The task
Give the listing again word for word. Skip the pictures.

The data
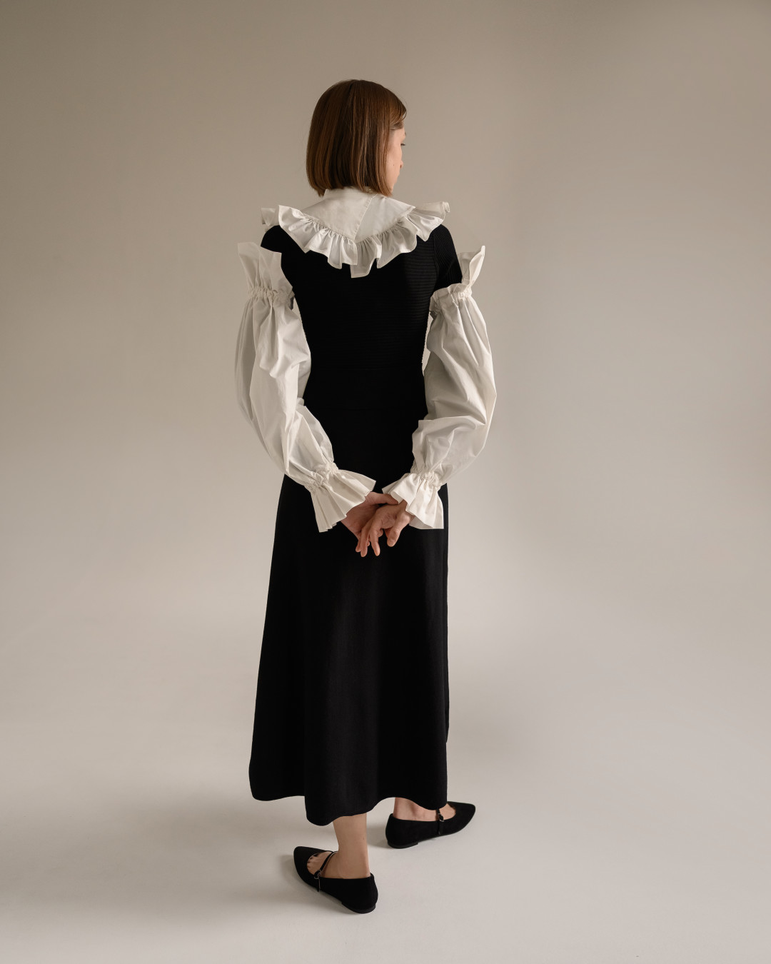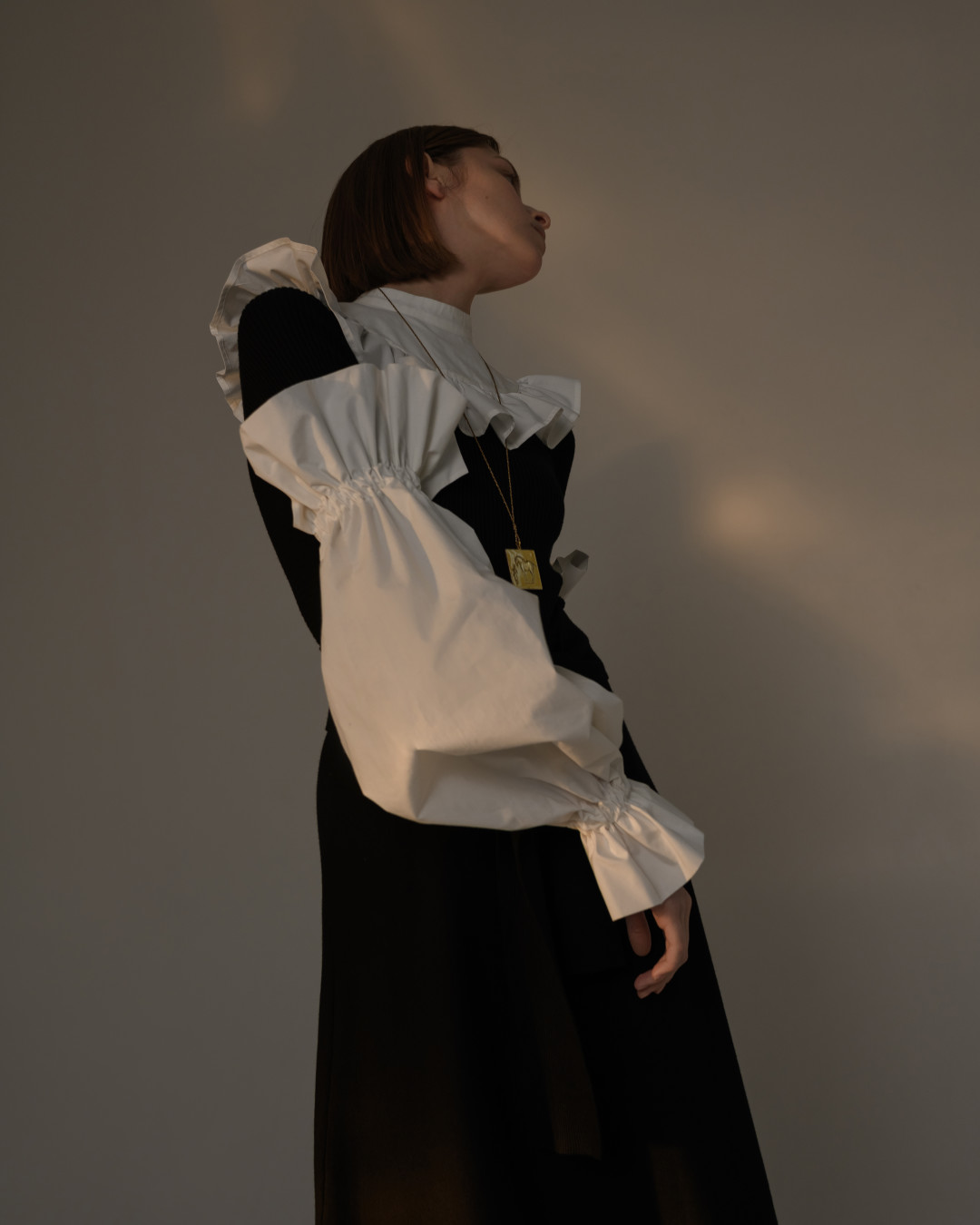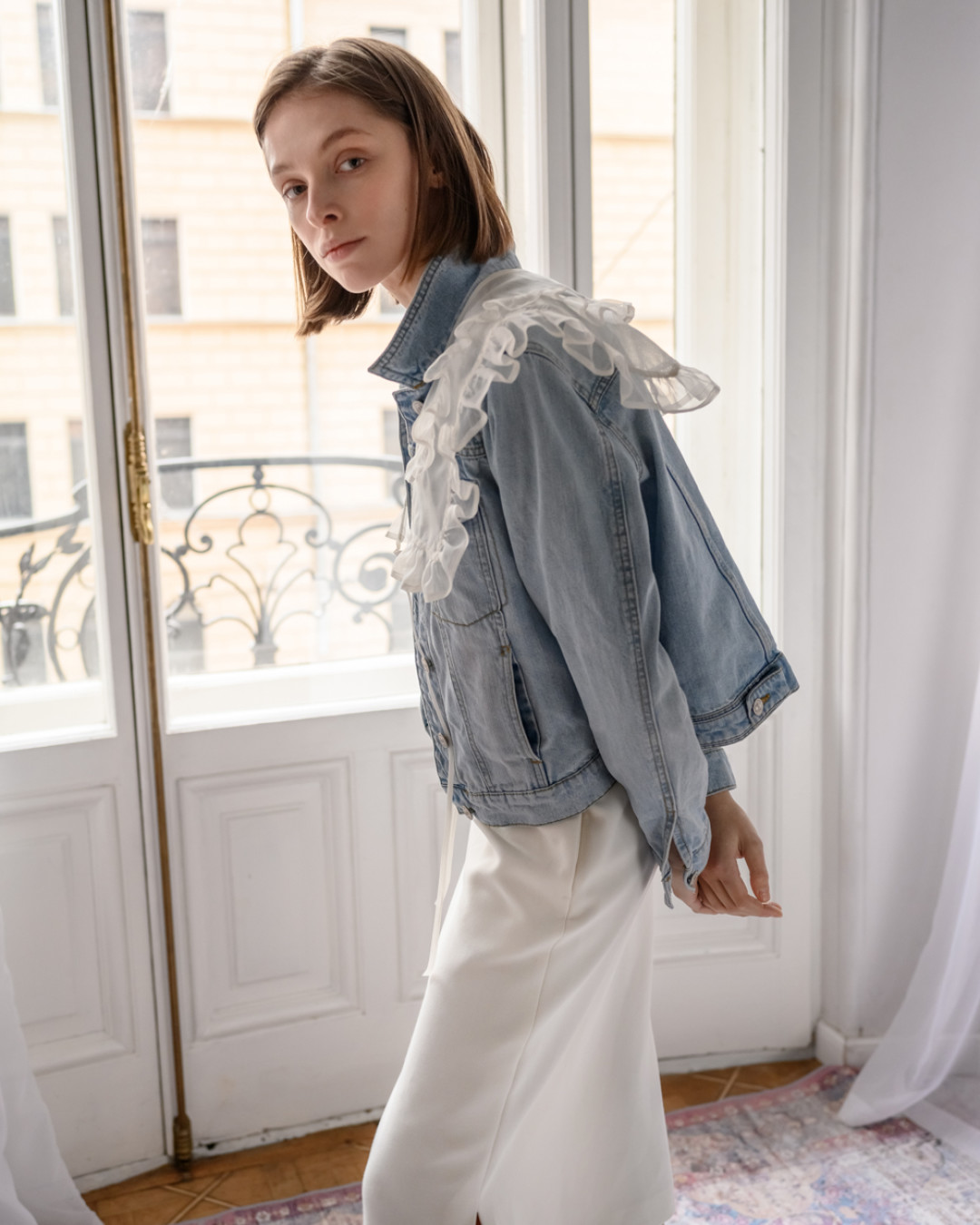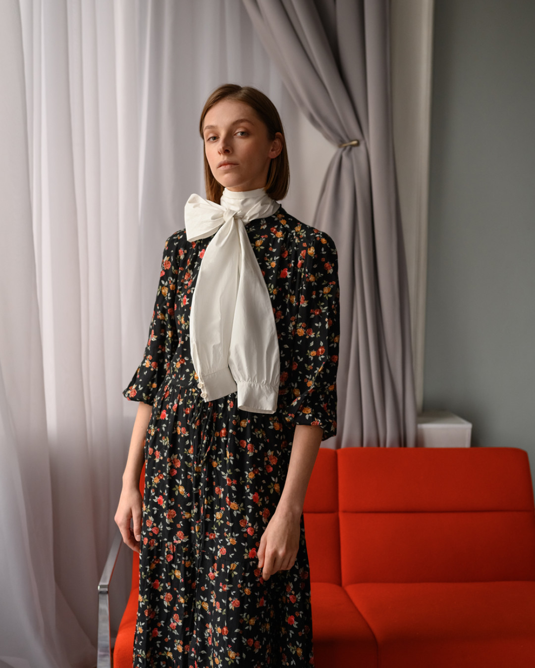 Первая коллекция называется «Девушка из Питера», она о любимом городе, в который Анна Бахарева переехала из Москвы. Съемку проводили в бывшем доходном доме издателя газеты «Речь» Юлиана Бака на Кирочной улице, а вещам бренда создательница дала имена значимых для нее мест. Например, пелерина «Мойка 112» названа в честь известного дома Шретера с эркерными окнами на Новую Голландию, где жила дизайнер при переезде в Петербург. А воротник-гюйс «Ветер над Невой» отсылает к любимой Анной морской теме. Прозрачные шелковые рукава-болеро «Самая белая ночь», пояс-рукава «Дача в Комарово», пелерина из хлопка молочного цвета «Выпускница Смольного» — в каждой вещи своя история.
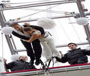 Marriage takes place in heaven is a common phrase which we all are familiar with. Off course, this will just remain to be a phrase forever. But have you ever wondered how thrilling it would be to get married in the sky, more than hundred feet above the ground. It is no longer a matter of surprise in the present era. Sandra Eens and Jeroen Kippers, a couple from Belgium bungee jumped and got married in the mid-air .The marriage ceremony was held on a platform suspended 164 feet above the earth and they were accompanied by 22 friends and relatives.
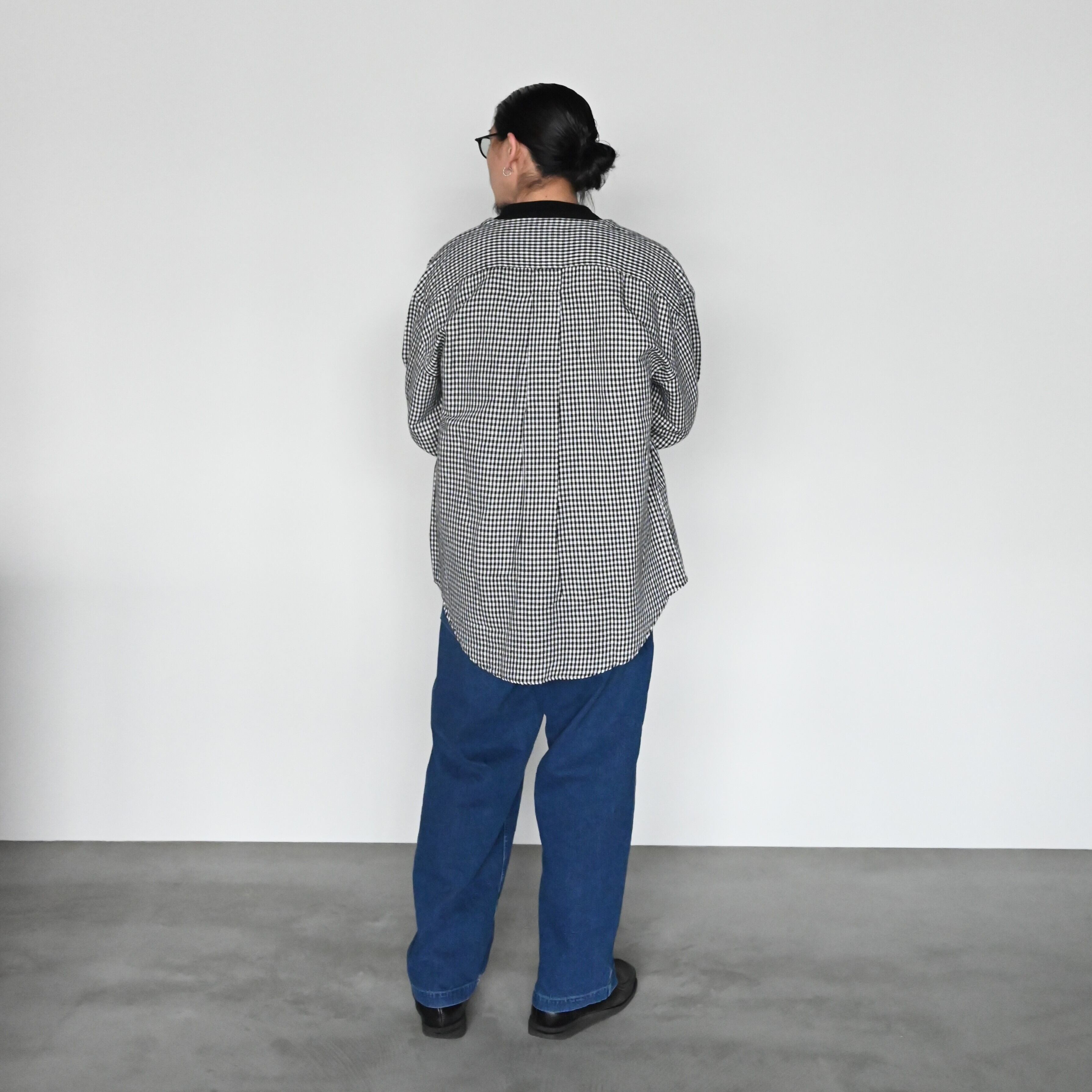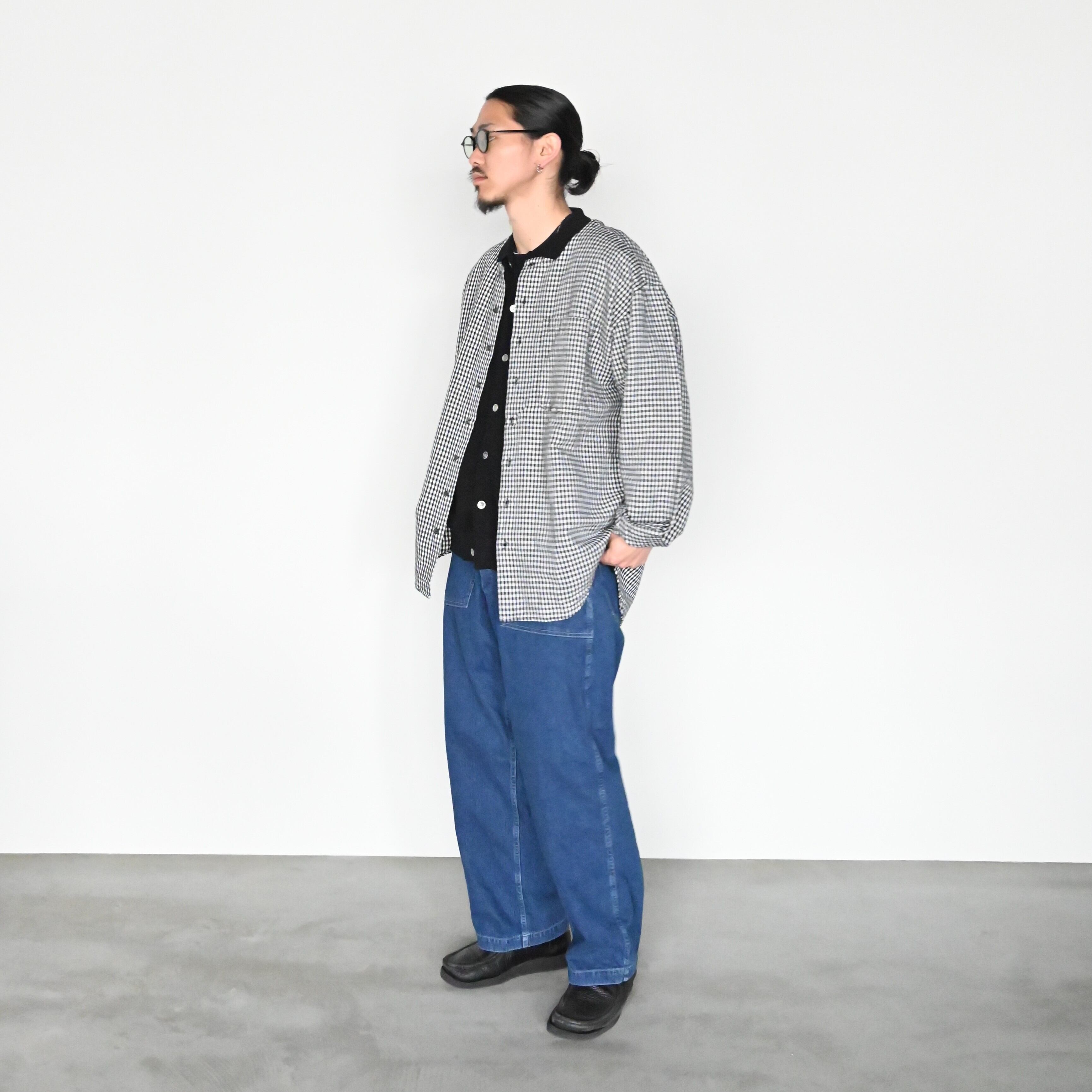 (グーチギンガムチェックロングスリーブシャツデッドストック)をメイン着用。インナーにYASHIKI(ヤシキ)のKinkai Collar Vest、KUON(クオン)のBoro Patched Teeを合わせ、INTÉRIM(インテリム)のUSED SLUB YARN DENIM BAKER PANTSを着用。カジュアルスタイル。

Finished exercise
 Первая коллекция называется «Девушка из Питера», она о любимом городе, в который Анна Бахарева переехала из Москвы. Съемку проводили в бывшем доходном доме издателя газеты «Речь» Юлиана Бака на Кирочной улице, а вещам бренда создательница дала имена значимых для нее мест. Например, пелерина «Мойка 112» названа в честь известного дома Шретера с эркерными окнами на Новую Голландию, где жила дизайнер при переезде в Петербург. А воротник-гюйс «Ветер над Невой» отсылает к любимой Анной морской теме. Прозрачные шелковые рукава-болеро «Самая белая ночь», пояс-рукава «Дача в Комарово», пелерина из хлопка молочного цвета «Выпускница Смольного» — в каждой вещи своя история.
 Marriage takes place in heaven is a common phrase which we all are familiar with. Off course, this will just remain to be a phrase forever. But have you ever wondered how thrilling it would be to get married in the sky, more than hundred feet above the ground. It is no longer a matter of surprise in the present era. Sandra Eens and Jeroen Kippers, a couple from Belgium bungee jumped and got married in the mid-air .The marriage ceremony was held on a platform suspended 164 feet above the earth and they were accompanied by 22 friends and relatives.
 (グーチギンガムチェックロングスリーブシャツデッドストック)をメイン着用。インナーにYASHIKI(ヤシキ)のKinkai Collar Vest、KUON(クオン)のBoro Patched Teeを合わせ、INTÉRIM(インテリム)のUSED SLUB YARN DENIM BAKER PANTSを着用。カジュアルスタイル。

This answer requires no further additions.